We’ve updated the PRIMARY_REGION env variable and redeployed, but when we ssh into a host the pg-failover command does not exist. Any help would be appreciated!
With Postgres 15.2 you should use the procedure described here; the one you linked to is for Stolon-based Fly Postgres which is not what you’re using (and no longer what we provision for new clusters):
This is helpful. Any idea what to do in the scenario where a failover fails?
Performing a failover
Connecting to fdaa:0:22f0:a7b:106:38aa:7298:2... complete
Stopping current leader... 9080e693b0d9e8
Starting new leader
Promoting new leader... e2865642ae6d78
Connecting to fdaa:0:22f0:a7b:106:38aa:7298:2... complete
NOTICE: promoting standby to primary
DETAIL: promoting server "fdaa:0:22f0:a7b:106:38aa:7298:2" (ID: 1100988338) using pg_promote()

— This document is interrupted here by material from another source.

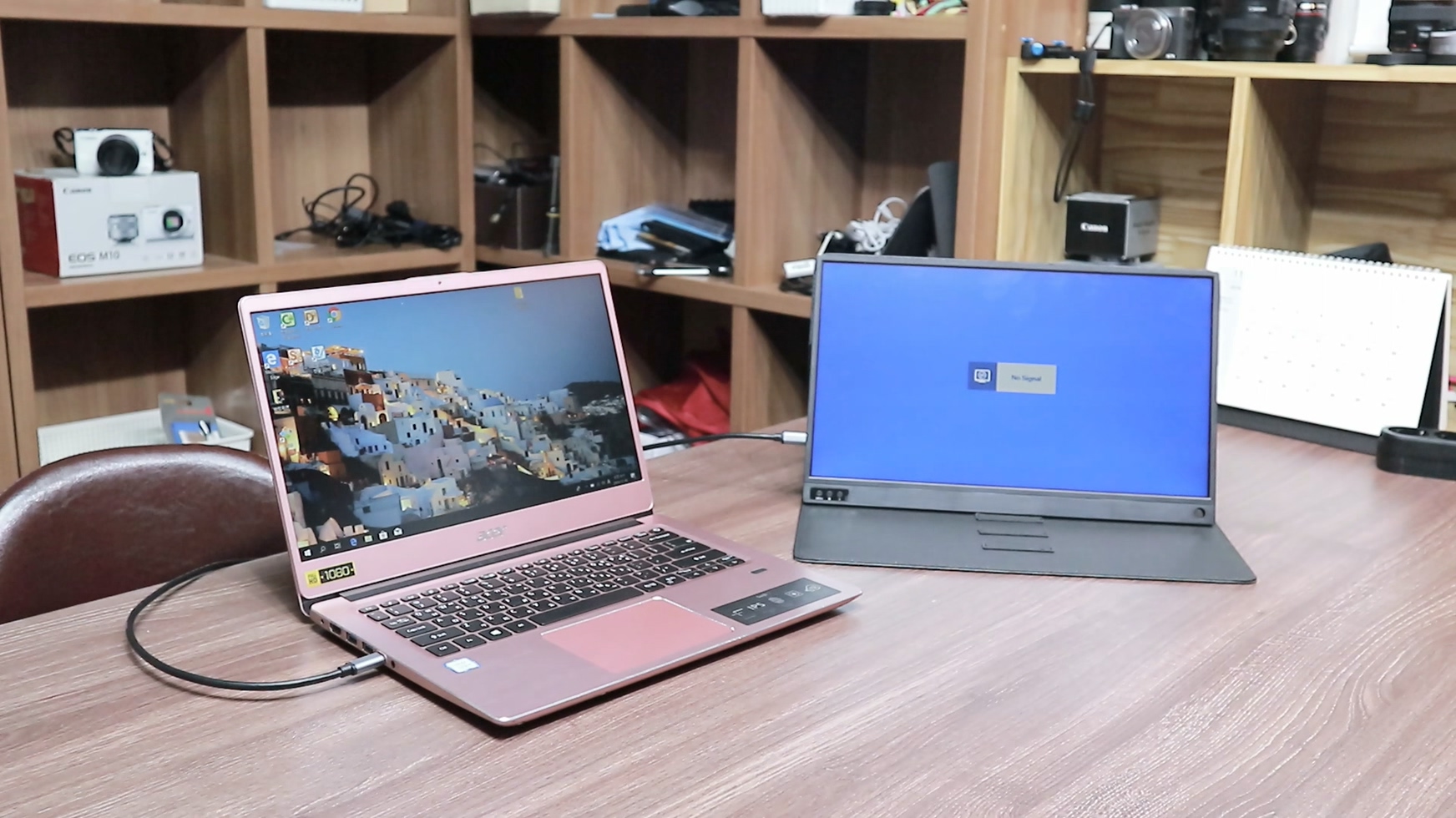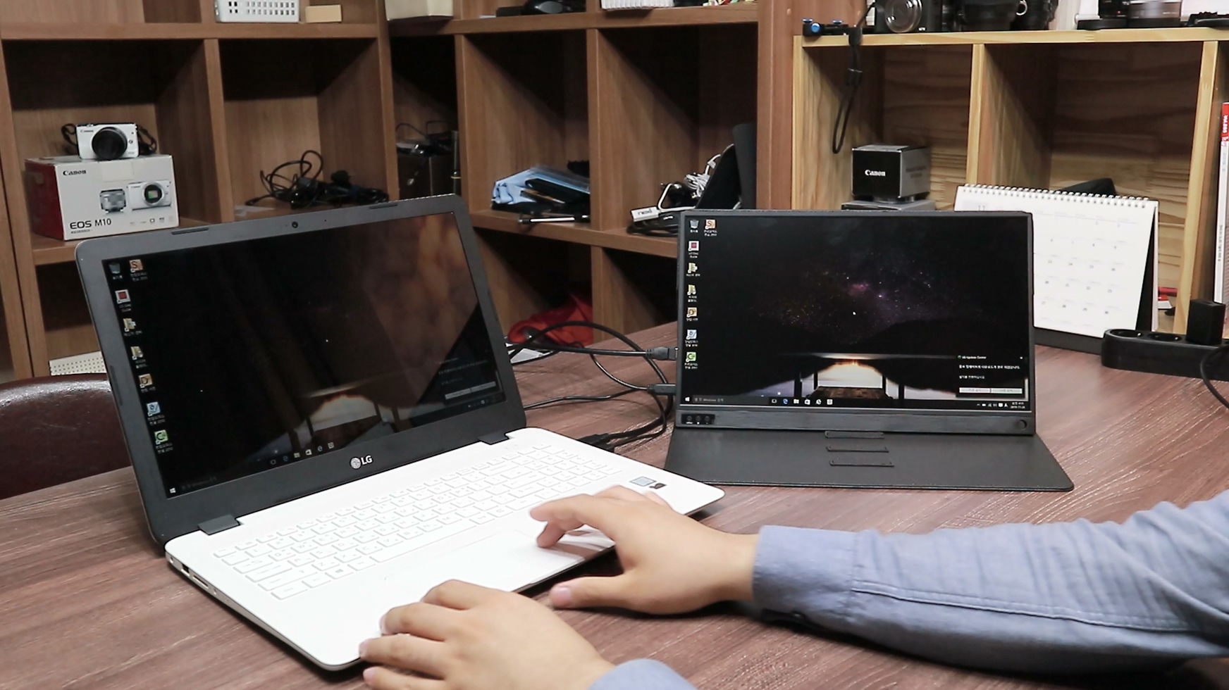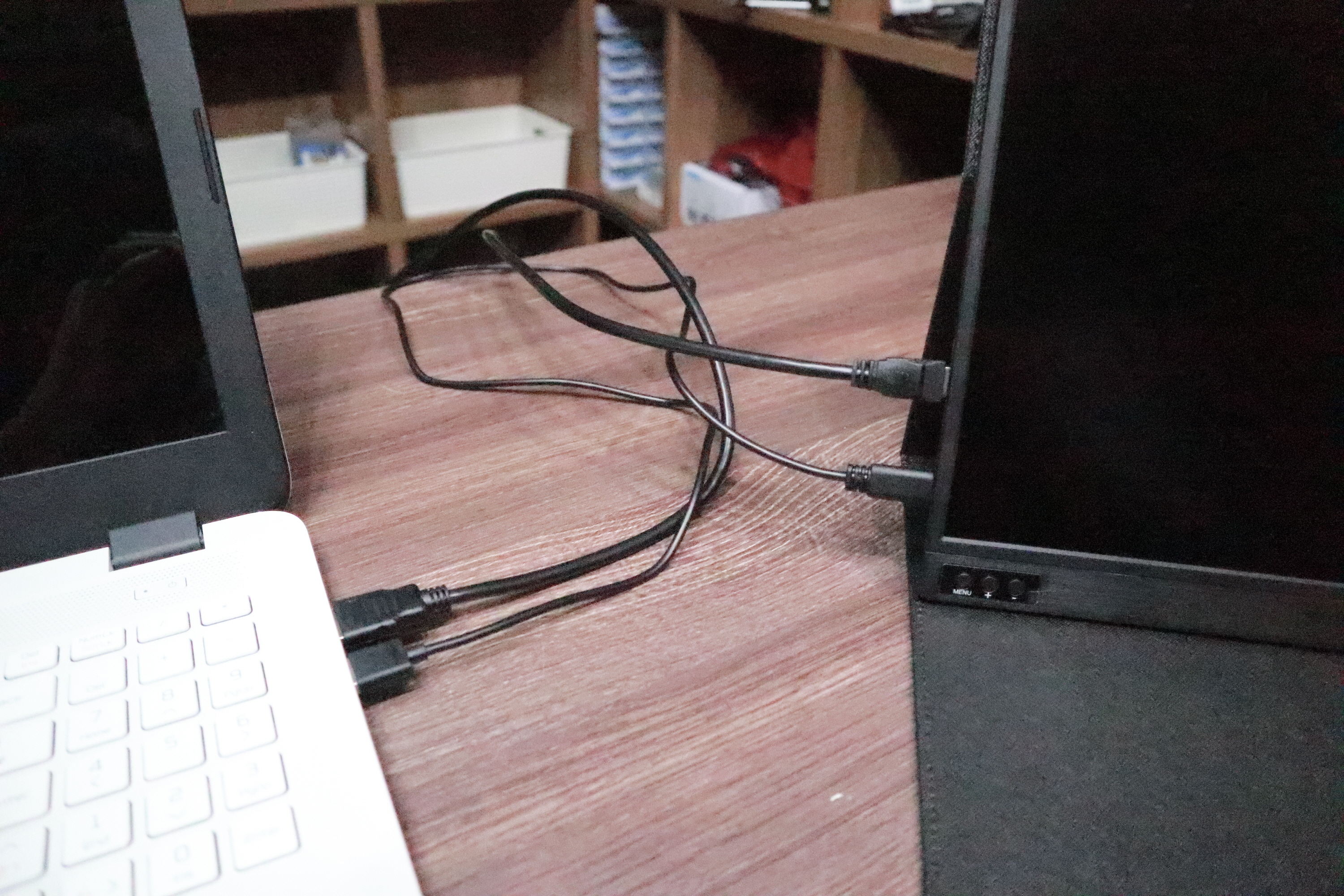 타입C 단자가 없는 일반 노트북은 그냥 일반 모니터 연결한다고 생각하시면 돼요. HDMI로 두 기기를 연결하고, 필요한 전원은 노트북 USB에서 가져온다고 생각하시면 됩니다.

NOTICE: waiting up to 60 seconds (parameter "promote_check_timeout") for promotion to complete
NOTICE: STANDBY PROMOTE successful
DETAIL: server "fdaa:0:22f0:a7b:106:38aa:7298:2" (ID: 1100988338) was successfully promoted to primary
NOTICE: executing STANDBY FOLLOW on 7 of 7 siblings
Waiting 30 seconds for the old leader to stop...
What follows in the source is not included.